I'm now thinking about putting some guppies in there because of their color, supposedly hardiness, and have several questions:

1) How many male guppies could I put in a 5 gallon aquarium?
2) Do guppies typically swim more towards the middle/top of the tank?
3) Should I leave my 1 neon tetra in there or will he nip the tales of the guppies?
4) What would be a great bottom dweller to put with the guppies? Cherry Shrimp? African Dwarf Frog? Snail? Combination of those three? {I would like something to help keep the tank clean}
5) How many of your answer in question 4 should I add?

Thanks for any and all help!

TripleB67


----------



## Fish chick (Feb 18, 2012)

I would think add 3-4. I've never kept neon tetras, so I'll let somebody else answer those.


----------



## jamestanker (Jun 30, 2012)

the guppies I have inky turtle tank like the top portion


----------



## BettaGuy (May 6, 2012)

After amano shrimp, cherry shrimp are the best algae eating shrimp. I would put 5 of them in there but its all your choice


----------



## fishbubbles (Sep 16, 2011)

I would say put 3 guppies and cherry shrimp. So that you have color and algae eaters.


----------



## Fishpunk (Apr 18, 2011)

Personally, I'd put some killifish in there, say Aphyosemion striatum.


----------



## BettaGuy (May 6, 2012)

But in the end it is all your choice


----------



## Embers To Ashes (Jun 13, 2011)

neon tetras are schooling fish, so it is best to keep them in groups of 6 or more, but three will be happy.A single neon tetra will most likley hide all the time. However, a general rule of thumb is one inch of fish per gallon of water. neons grow to be about 1.5 inches and guppies about 2 inches in my experiance. This is just a guide line though. I beleive that three neons and two guppies and a shrimp or a snail may do well, but listen to people with more experiance before you listen to me.


----------



## Cory1990 (Jun 14, 2012)

I'll agree with embers to ashes. 2 male guppies and just a couple more neons.

If kept single in a tank all by itself it's going to hide.

Think of it this way. If your a single solder in war everyone you know has died. Are you going to jump in the middle of the battlefield heck no. My butt will run and hide. A few more they would be all over the tank. Also they will get along with the guppies great. 

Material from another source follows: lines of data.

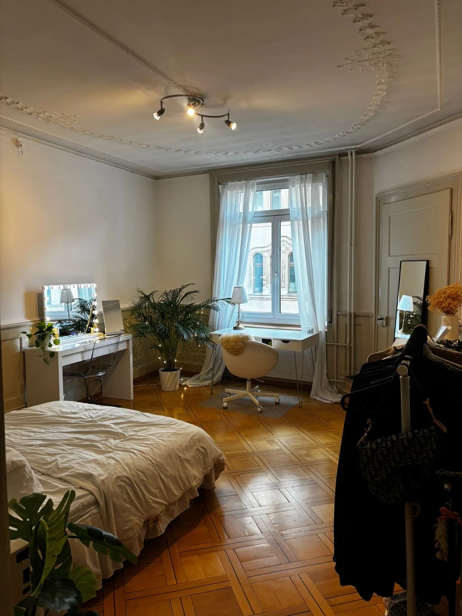 Ab MärzVerfügbar ab 01.03.202621 Stunden onlineonline.since 21 StundenDas Zimmer ist einzigartig gross (um die 35m2) mit Parket, viel Licht und sogar einem kleinen Erker (perfekt zum Lesen!).Wohnung hat einen Balkon oder eine TerrasseGeteiltes WifiZimmer ist voll möbliert, eventuell können noch eigene Möbel mitgebracht werdenGeschlecht egal
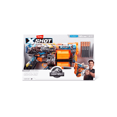 El X-Shot Skins Dread presenta un diseño impresionante basado en los icónicos dinosaurios de la saga Jurassic World. Su estética detallada y colores vibrantes capturan la esencia de estas criaturas prehistóricas, convirtiéndolo en un juguete creativo que estimulará la imaginación de los más pequeños.
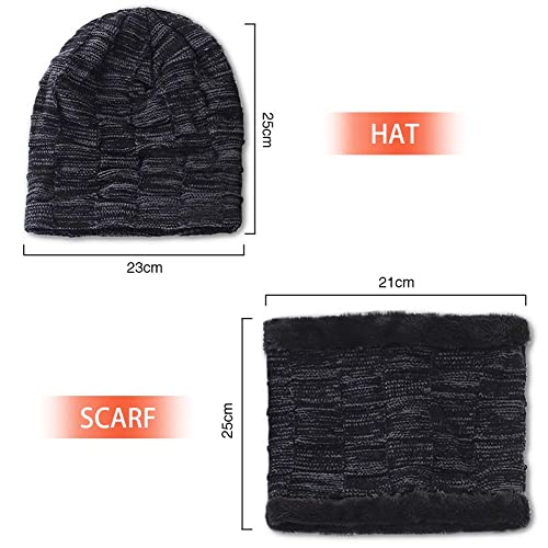 Aotlet Cappello Uomo Invernali Beanie in Maglia con Sciarpa, 2 in 1 Cappello e Sciarpa Uomo Foderato in Pile, Cappello Scaldacollo Unisex per Sport all'aperto Jogging Sci Escursionismo
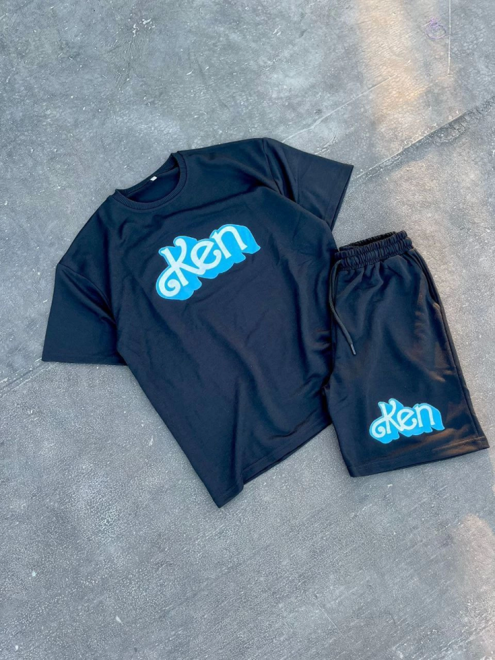 Erkek Baskılı İkili Şort Takım – Siyah
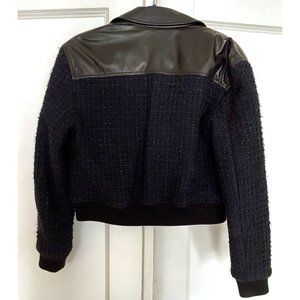 Nubby tweed jacket by Alexander Wang with thick ribbed wrist cuffs, double breast snap pockets and zip front closure. Size XS. Minor pilling.
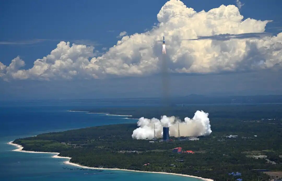 2020年7月23日,在海南中国文昌航天发射场,长征五号遥四运载火箭搭载执行首次火星探测任务的“天问一号”探测器升空。
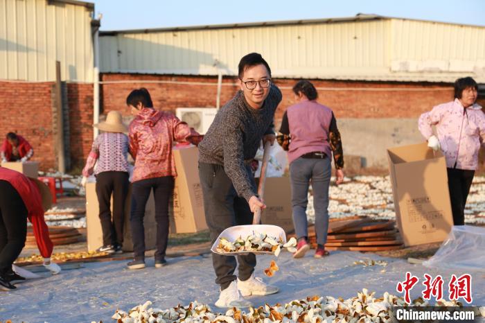 2022年12月,梁伟钊与工人们一起打理晒干的新会陈皮。(受访者供图)
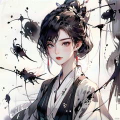 Ancient Art Style, Ink Painting, Traditional Chinese Painting, (Ink Style 1:4), (Splash Ink Painting), 1girl, solo, looking at viewer, simple background, brown hair, hair ornament, hat, brown eyes, jewelry, upper body, earrings, parted lips, grey background, lips, makeup, chinese clothes, tassel, portrait, red lips, tassel earrings (Ink style)
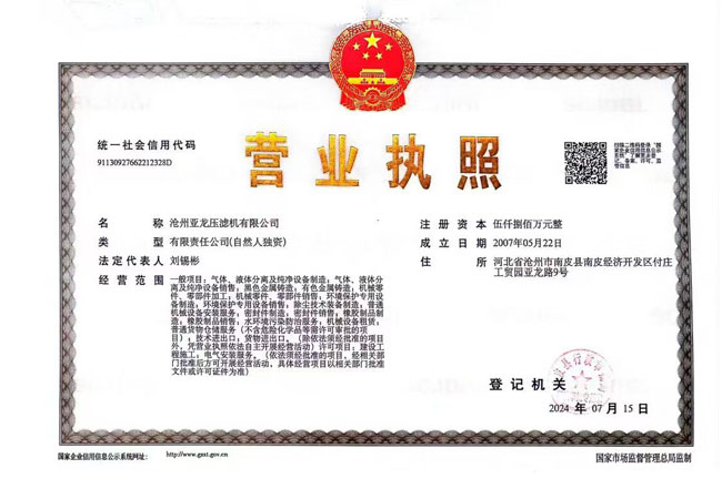 公司名稱:滄州亞龍壓濾機有限公司 公司地址:河北省南皮縣付莊工業開發區 電話:0317-8189922 傳真:0317-8189923 手機:13831723798 網址:

So if I was in your shoes my stock list would be

2 male fancy guppies (great color)
3-4 minimum neon tetras. ( come on these are small and cheap no reason why to get rid of him)
3 ghost shrimp

Now I can careless about te aqua calculators and stuff like that. I also think they will do fine in the tank. I know some will say my list is over stocked. But I know 100% they will do just fine.


----------



## TU55LER (Jul 15, 2012)

My sister has 2 guppies and 2 neon tetras in a 2 gallon tank. So I know that they get along well, the guppies swim at the top, and it's normal for the neons to swim mostly near the decorations. So your good.


----------



## BettaGuy (May 6, 2012)

But before you get cherry shrimp you'll have to have a way to get rid of the countless babies that are coming your way  You wont have that problem with amano shrimp or ghost shrimp but they are not coulourfull at all.


----------